Non-Nuclease approaches
Non-nuclease approaches involve alternative methods for contaminant removal that do not rely on enzymatic degradation of nucleic acids. These approaches include chemical methods, such as the use of organic solvents, which can selectively precipitate proteins and other contaminants while leaving nucleic acids in solution (Sambrook and Russell, 2001). Another non-nuclease method involves the use of affinity-based purification, where specific binding agents or materials are used to capture and remove contaminants based on their interactions with the viral particles or nucleic acids (Chomczynski and Sacchi, 1987). These methods can complement nuclease treatments by providing additional layers of purification, thus ensuring higher purity and yield of the target nucleic acids. However, they may require optimization to achieve the desired level of contamination control without adversely affecting the recovery of viral nucleic acids (Chomczynski and Sacchi, 1987).
Viral Nucleic Acid Extraction and Amplification from Human Samples
Viral nucleic acid extraction
The extraction and amplification of viral nucleic acids from human samples are critical steps in viral metagenomics and diagnostics. These processes are essential for identifying and characterizing viral pathogens, but they require meticulous techniques to ensure the quality and accuracy of the results (Fig. 1).
The extraction of viral nucleic acids begins with the careful processing of human samples, which may include blood, plasma, serum, or tissue biopsies. The primary goal is to isolate viral RNA or DNA from a complex mixture of host cells, proteins, and other contaminants. One common method for nucleic acid extraction is the use of commercial kits designed specifically for viral RNA or DNA. These kits typically employ silica-based columns or magnetic bead-based technology to bind nucleic acids, followed by washing and elution steps to obtain pure nucleic acid extracts (Chomczynski and Sacchi, 1987). The efficiency of these kits is often high, but the process requires strict adherence to protocols to avoid contamination and ensure consistent results.
Another approach involves the use of organic solvents, such as phenol–chloroform, which can separate nucleic acids from proteins and other cellular debris. This method is effective but labor-intensive and requires careful handling to avoid cross-contamination and degradation of the nucleic acids (Sambrook and Russell, 2001). In addition, specialized techniques such as density gradient centrifugation can be used to isolate viral particles before nucleic acid extraction, providing a more targeted approach (Chomczynski and Sacchi, 1987).

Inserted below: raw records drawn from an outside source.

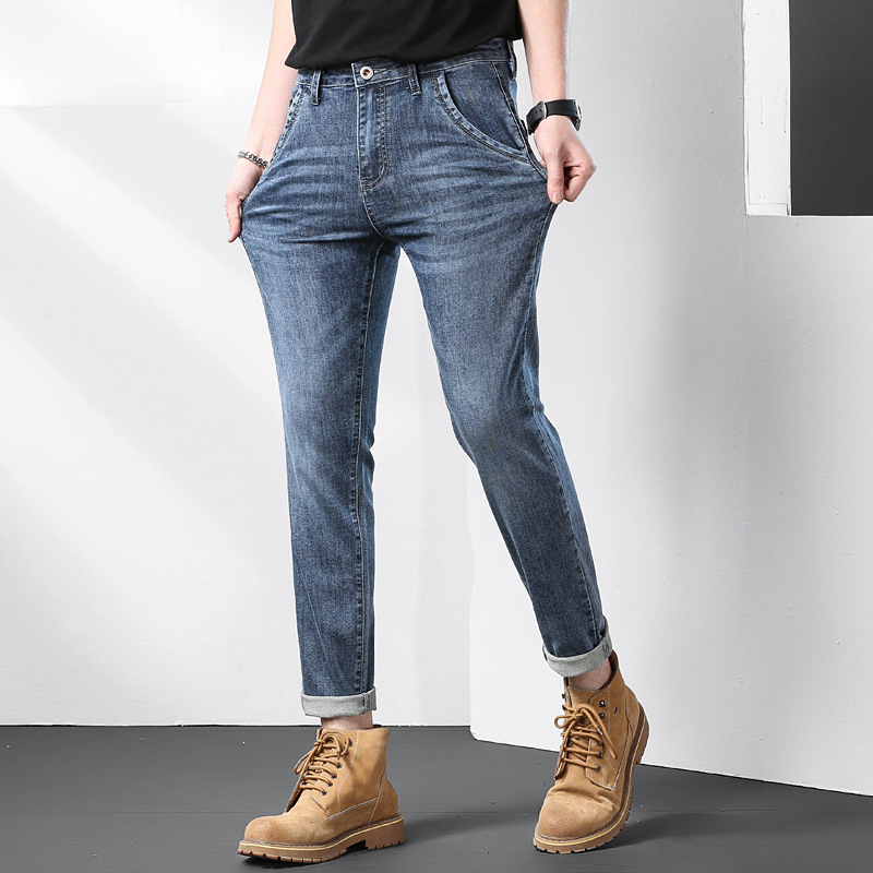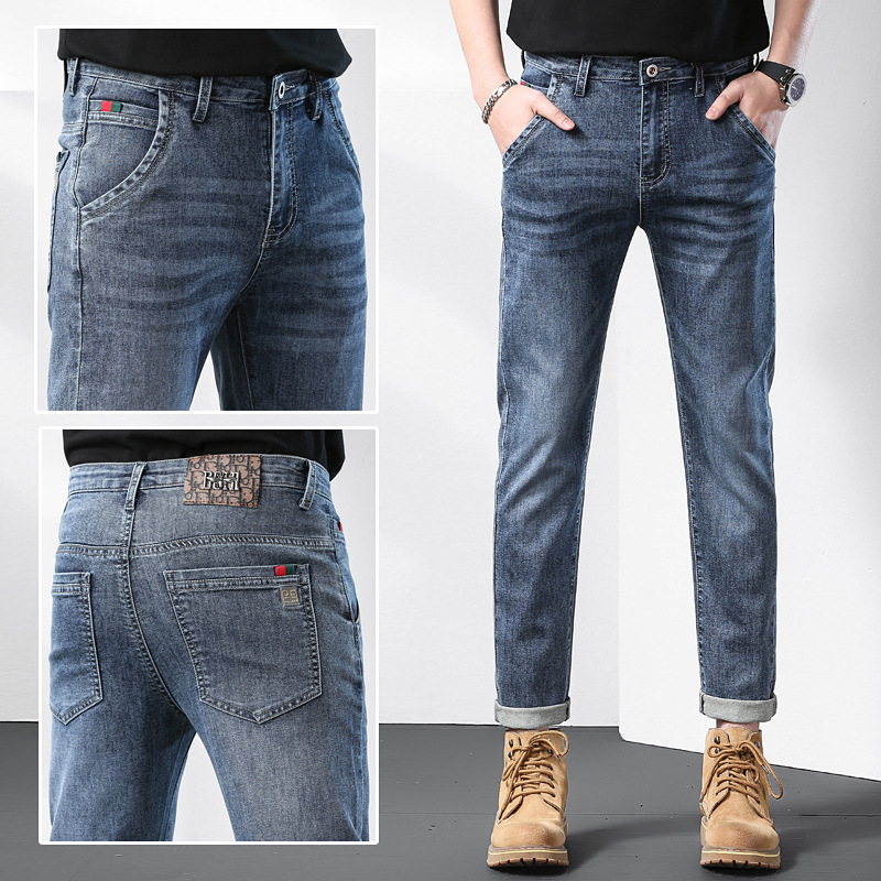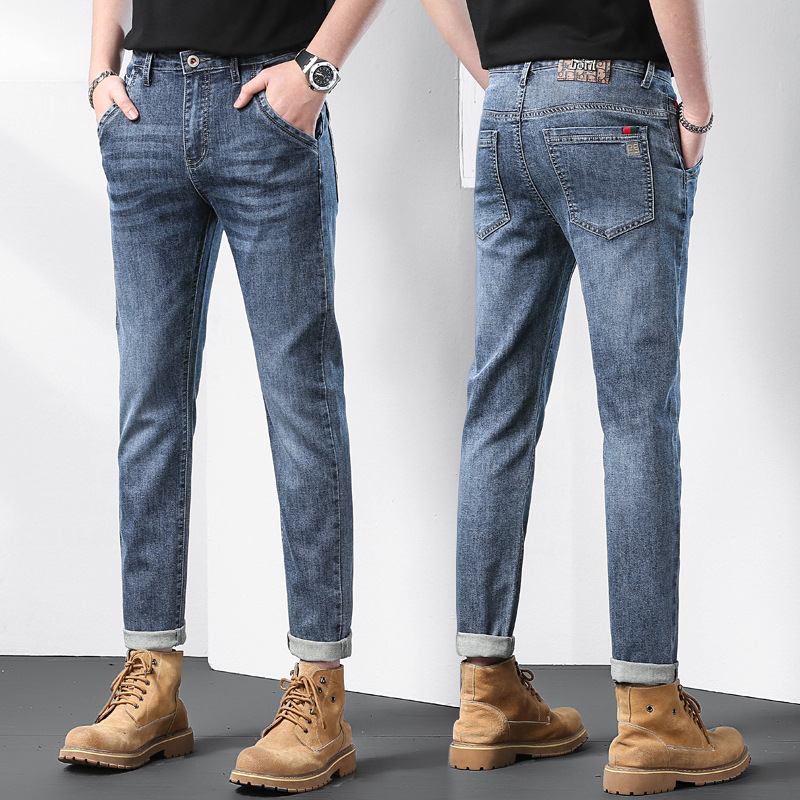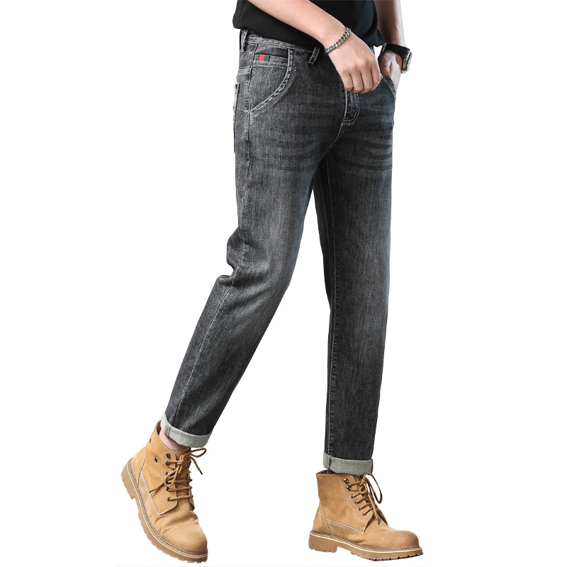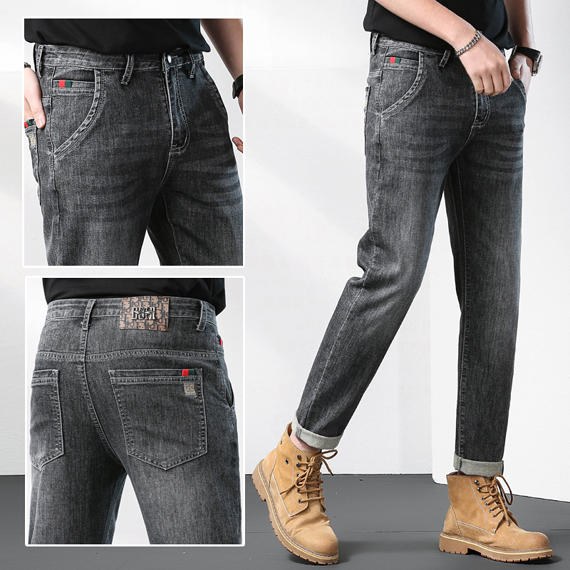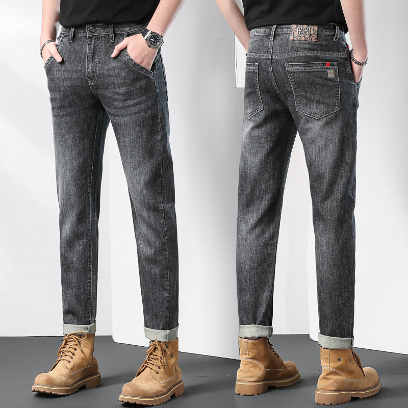 秋季新款斜插口袋黑灰刺绣男士合身小脚修身哈伦四季弹性牛仔裤子
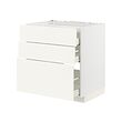 METOD / MAXIMERA armario bajo placa 3cajones3frentes, blanco / Vallstena blanco
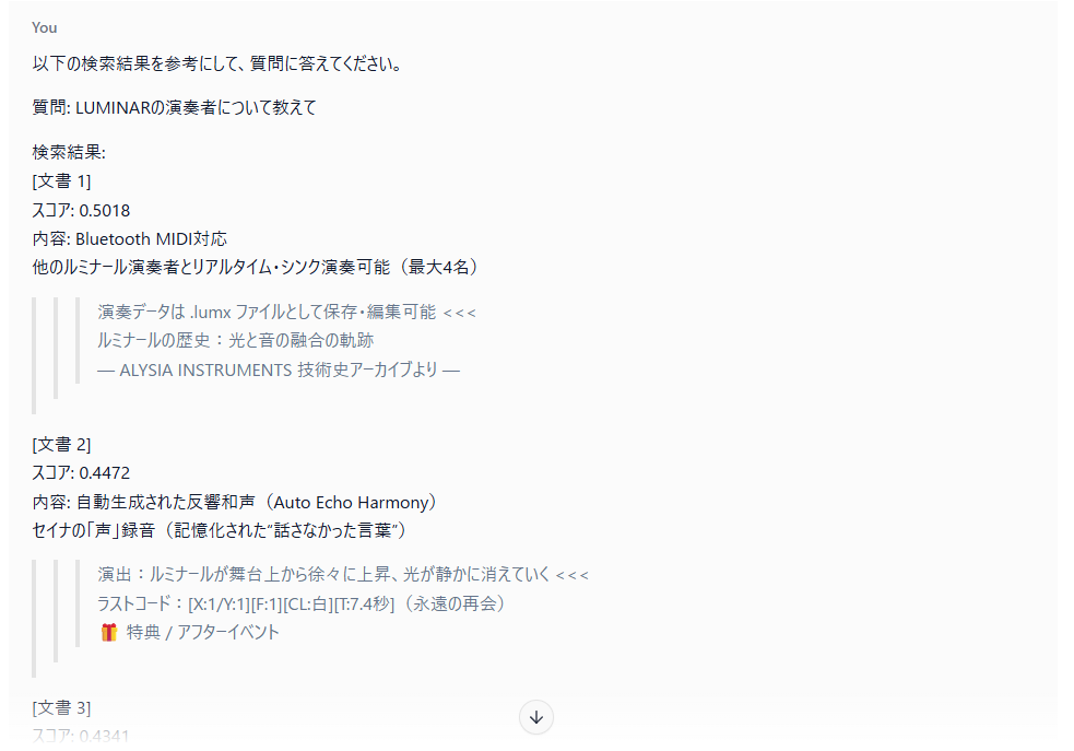 検索結果をLLMの質問に付加して、これをLM Studio(GPT-OSS-20B)のプロンプトに入力しました。
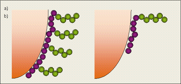 聚合物型分散劑的效率與分子量、單體選擇以及單體單元在聚合物上的排布關系密切[1-3]。當錨定基團之間的距離很近時,分散劑與顏料表面的固定效果更好。圖1顯示的是組成相同,但結構不同的聚合物:純統計學分布即單體在聚合物中呈隨機分布的聚合物(a);單體積聚于聚合物一端的嵌段共聚物(b)。嵌段共聚物由錨定和穩(wěn)定單體組成,因此組成了高效的潤濕分散劑。
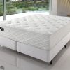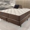Toque superior, tecidos superiores. Produzido no sistema de molejo Verticoil, sistema resistente, com pouca flutuação e muito conforto. Ideal para biótipos de até 120 kg individuais. Pillow top com espumas especiais para confortos especiais com a espuma exclusiva Ecoflex, espuma Ecofresh, mais aerada, mais fresca, mais flexível.
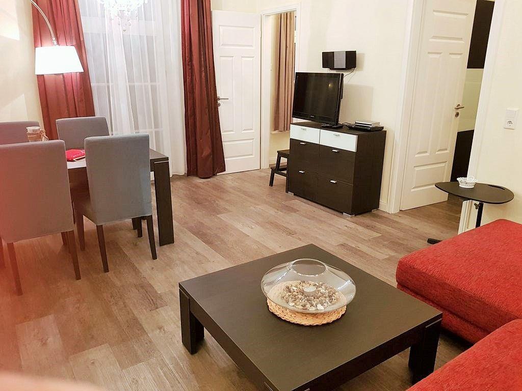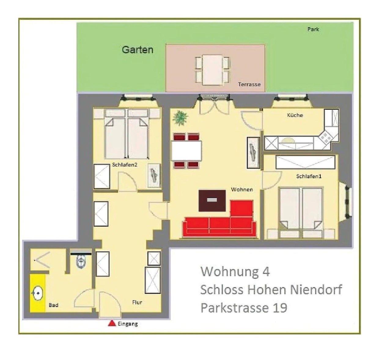 Das gemütliche und großzügige Wohn-/Esszimmer verfügt über eine separate Sitzgruppe mit bequemer Eckcouch, Couchtisch, einen separaten Esstisch mit 4 Stühlen sowie ein Sideboard. Vom Wohnzimmer aus haben Sie direkten Zugang zu der ca. 12 m² großen Terrasse (nach Nord-Osten ausgerichtet) mit Gartenmöbeln. Hier sitzen Sie entspannt und gemütlich mit herrlichem Blick in den Schloßpark und können abends bei einem guten Glas Wein in Ruhe die lauen Sommernächte genießen!

Viral Nucleic Acid Amplification Strategies for Human Viral Metagenomics
Once the nucleic acids are extracted, amplification is required to detect and quantify the viral genomes. The most commonly used method for amplification is PCR, which allows for the specific amplification of viral DNA or complementary DNA (cDNA) from RNA viruses. PCR involves the use of specific primers that bind to the viral nucleic acids, along with a DNA polymerase enzyme that extends these primers to amplify the target sequences (Mullis and Faloona, 1987). This technique is highly sensitive and specific, making it ideal for detecting low-abundance viral nucleic acids in human samples.
For RNA viruses, the extracted RNA must first be converted into cDNA using reverse transcription. This process employs the enzyme reverse transcriptase to synthesize cDNA from RNA templates. The cDNA can then be used as a template for subsequent PCR amplification (Sambrook and Russell, 2001). Alternatively, quantitative PCR (qPCR) can be employed to simultaneously amplify and quantify the viral nucleic acids in real-time, providing a quantitative measure of viral load (Bustin et al., 2009).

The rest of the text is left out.